I watched two girls go through the security at Terminal A carrying nothing except one pizza box each. It looked like they were walking home to have a pizza night instead of getting on an airplane. After each pizza was X-rayed to make sure it was really just pizza, I saw them at the gate for my 45-minute flight to San Francisco. Once boarded, they put the pizzas in the overhead bin. When we landed, they walked off the plane still carrying only one pizza box each. Is the pizza in LA even good enough to warrant carrying to SF? I have so many questions.

2. The Cake that Traveled the West Coast

Similar to the pizza girls, I saw a woman at the gate whose carry-on and personal item were two giant Porto’s bags. For those who don’t know, Porto’s is a popular Cuban bakery in LA. She deplaned in Seattle carrying only Porto’s cakes and pastries. Unlike the pizza, I think this is something actually worth flying out of LA with.

3. Forgetting Something in the Car

There was a couple scanning their boarding passes for my flight to Phoenix. I didn’t hear the first part of the conversation, but the man turned and ran out of line and back through the terminal. The woman explained, “He just ran to the car to get something.” I scanned my boarding pass and went through. The couple somehow ended up only a few places behind me in line on the tarmac.
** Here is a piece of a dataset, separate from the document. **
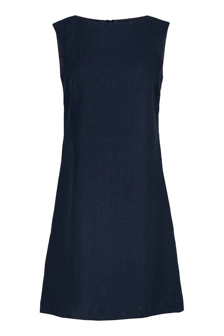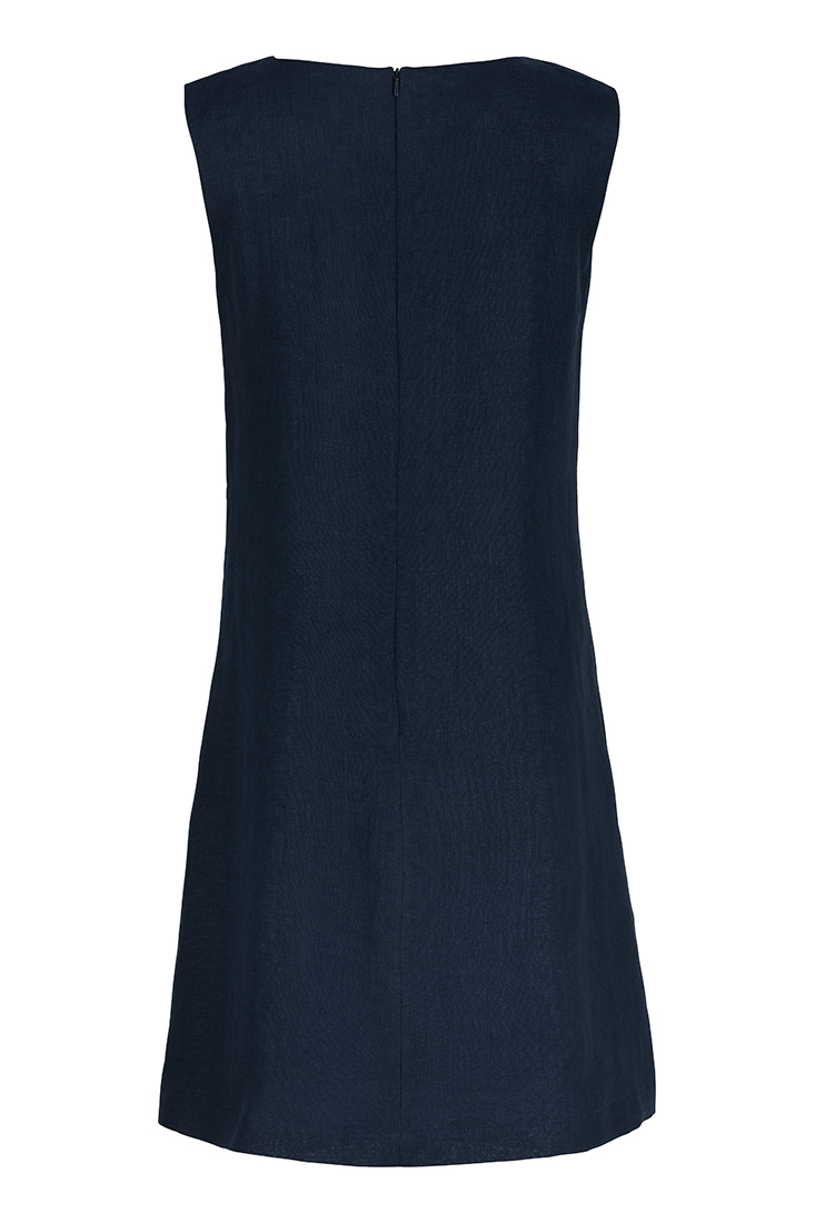 Mimmi klänning är en linneklänning med enkelt snitt, bra passform och fantastisk kvalitet. Här i 100% italienskt blått linnetyg, helfodrad med dold dragkedja bak. För en cool och smart look. Snygg både på festen eller semestern. Stylas med fördel av en vacker Dughult sidenscarf. Tillverkad på fabrik i Sverige för en hållbar framtid!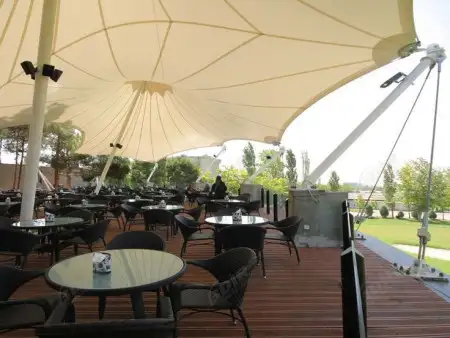 Misalnya, proyek outdoor seating kafe yang membutuhkan naungan teduh tanpa mengurangi sirkulasi udara dan cahaya.

It turns out he had forgotten his suit for the wedding they were attending in the car. Burbank is so small that if you forget your suit in the car and don’t realize it until you are moments from stepping onto the plane, you will have time to run back through the terminal, run to the parking lot, find your car, get your suit, go back through security, and still board with your original boarding group. The last part of their conversation I overheard was an argument over where the iPad was and who had it last. Perhaps it was also still in the car.
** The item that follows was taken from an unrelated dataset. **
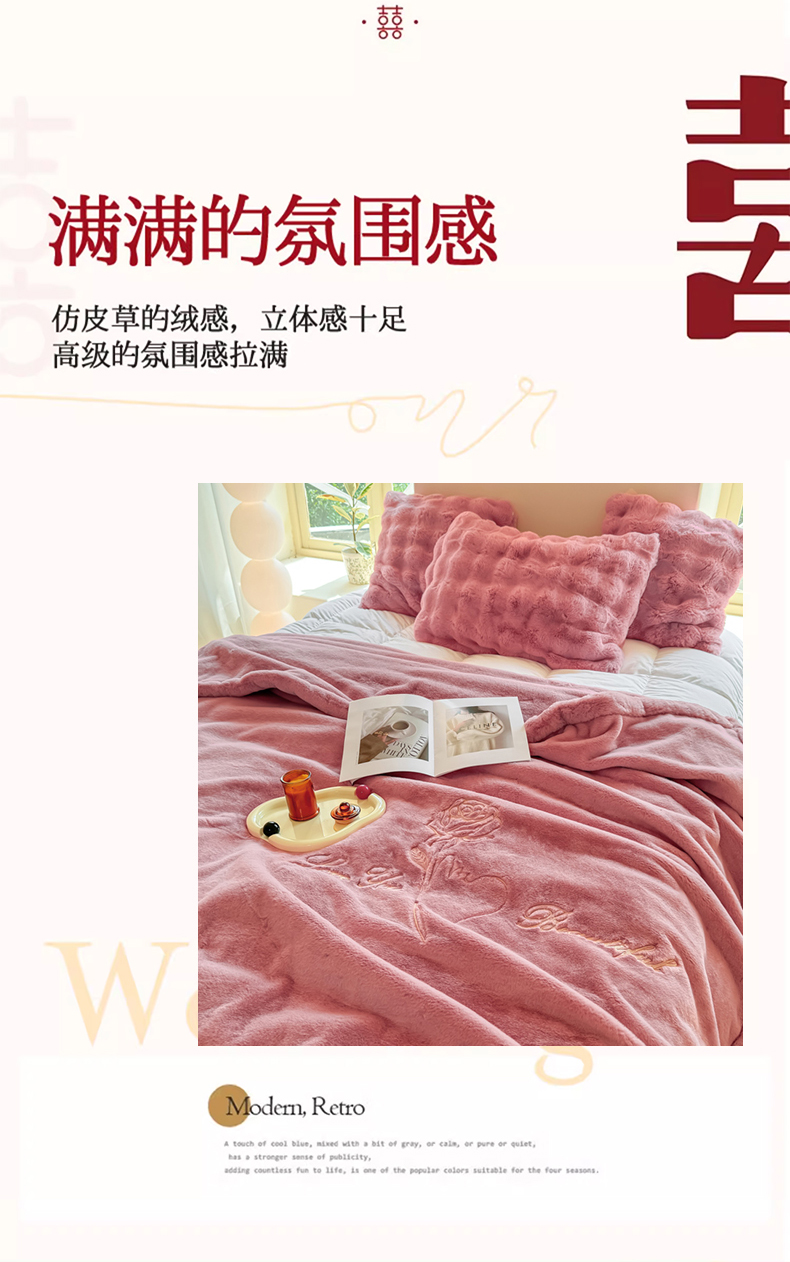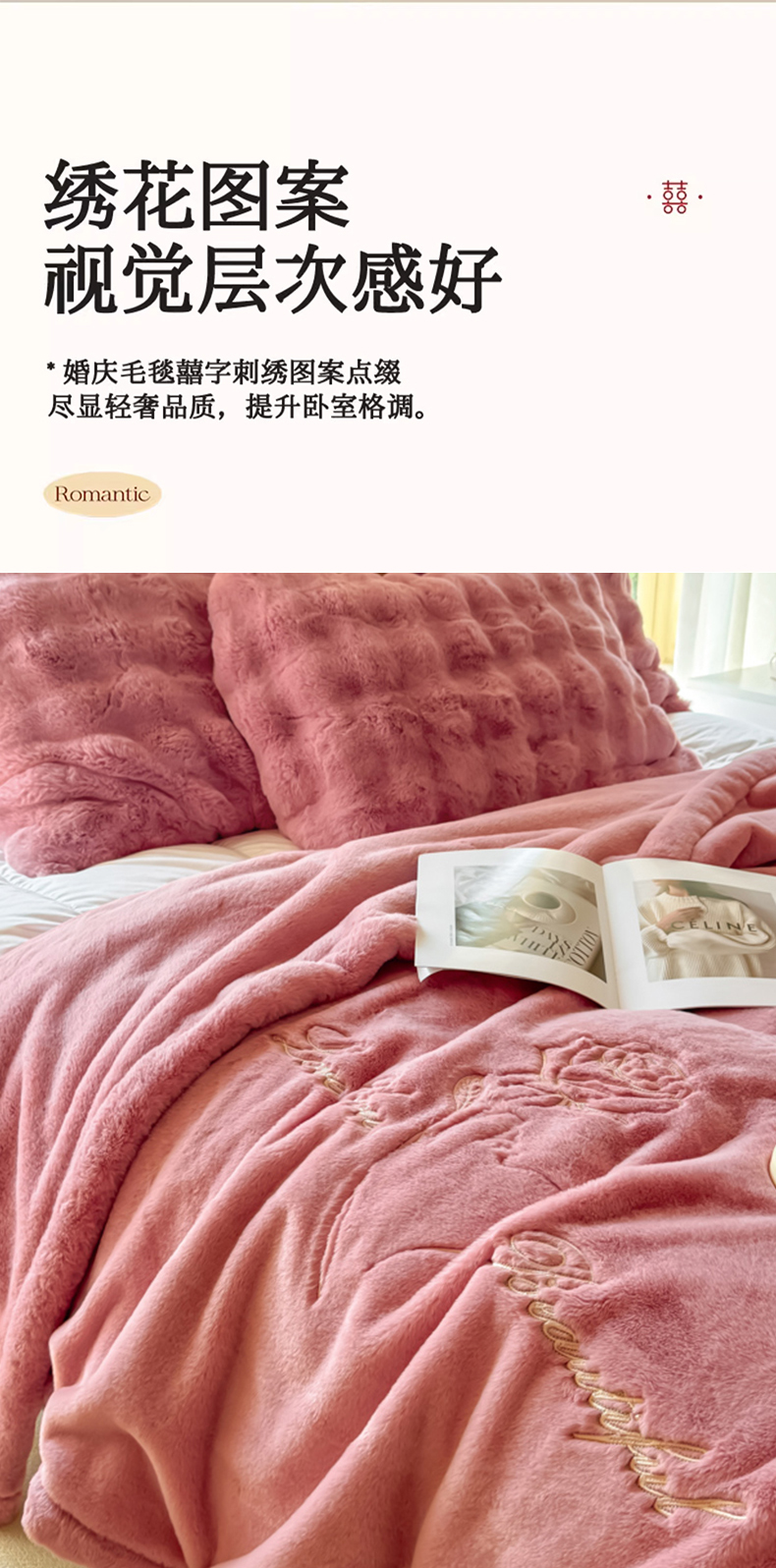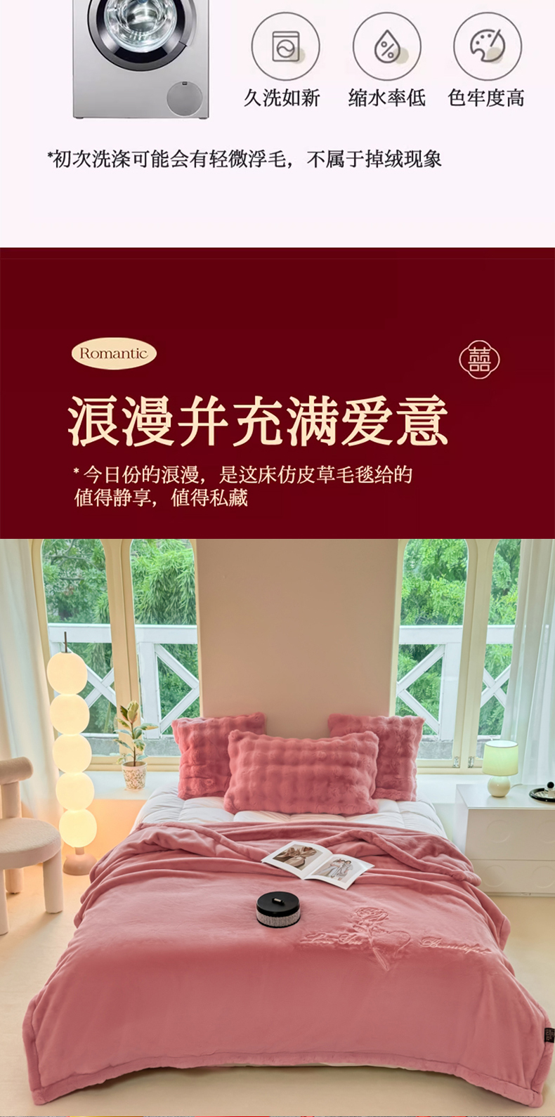 商品名称:悦织湾家纺 2025新款轻奢仿兔毛绒仿裘皮仿皮草绣花毛毯 玫瑰情深-粉

4. Arriving 2 Minutes Before the Doors Close

Due to a series of errors and bad planning, I arrived at Burbank Airport 17 minutes before my flight was supposed to take off. This gave me exactly 2 minutes to get from the Lyft to the gate before boarding was over. When I got to security, there was exactly one very stoned person in front of me. I politely asked him if I could cut him. He just said, “Whaaaat?” before I slid my bins on the conveyor belt and rushed through the metal detector. The ten TSA people standing around with nothing to do just rolled their eyes at me. Luckily I was at Terminal B, which has only 5 gates (should this even be its own terminal?). The airline worker at the gate watched me go through security, glaring at me for my irresponsibility. “Hi, Allison,” she said curtly as I ran the 100 feet from security to the gate. I suppose it was easy to guess who I was. She scanned my boarding pass, and I was on the tarmac and up the ramp in less than a minute. They closed the door behind me and said, “Okay, everyone is here now.” Sweaty and panting, I was that person.

5. Boarding Group 1… Finally?

A friend and I were flying on a tiny budget airline that specializes in flying between regional airports called Avelo. When we looked at our boarding passes, we were in boarding group 1. “Wow, that’s really a good boarding group, that never happens!” we high-fived while waiting to board.

First, Avelo boarded customers that require assistance and need extra time boarding. Then they boarded priority boarding and active-duty military personnel. Next up were families traveling with children under the age of two. Then customers with Priority Boarding. Then everyone who has an uncle named ‘Jimmy’ and anyone who has ever eaten at Applebee’s.

This is it, we must be next.

The next group they called were “all even numbers.” We both broke out hysterically laughing.